Young Britons are traditionalists at heart who are keen to explore their country’s heritage according to findings from a new children’s tourism report.

Hotel chain, Travelodge polled 2,500 youngsters to attain their views on which British attractions they rate as the most iconic landmarks, and found that young Britons predominately chose historical sites above modern attractions with the 153-year old, world’s largest four-faced clock, Big Ben topping the poll.

Second place was awarded to the 5,000 year old stone monument ‘Stonehenge’ and

The Tower of London, home to the crown jewels which was built nearly a millennium ago, took third place in the top ten listing. 

Buckingham Palace reached fourth place while fifth place was awarded to Europe’s largest ferris wheel, The London Eye – marking the only modern day attraction to make the poll. The remainder of the listing was largely made up of landmarks built in the 1800s or before.

 Further research findings revealed that following a patriotic summer including the Queen’s Diamond Jubilee celebrations and a summer of sport, a third of British youngsters said they believe it is important for them to explore their homeland.   

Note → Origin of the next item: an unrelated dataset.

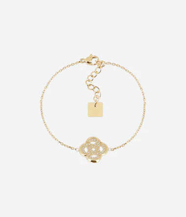 Náramok z jemne pozlátenej ocele v tvare aztéckeho kvetu osadenou zirkónmi.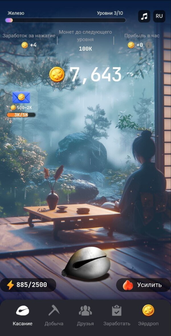 🟠При достижении кол-во монет, открываем конверт для бонуса (слева на экране)

In response to this growing interest, more than a third of British kids have asked their parents if they can visit a museum or an art gallery during the half-term break, in comparison to one in five kids who requested a trip to a theme park.

Shakila Ahmed, a Travelodge spokeswoman, said: “It’s fantastic news that young Britons are keen to preserve our heritage as nearly all of the attractions to make the children’s top ten list of iconic British landmarks have historical significance. This summer of patriotic fervour has certainly created an appetite for young Britons to discover what makes Great Britain so great."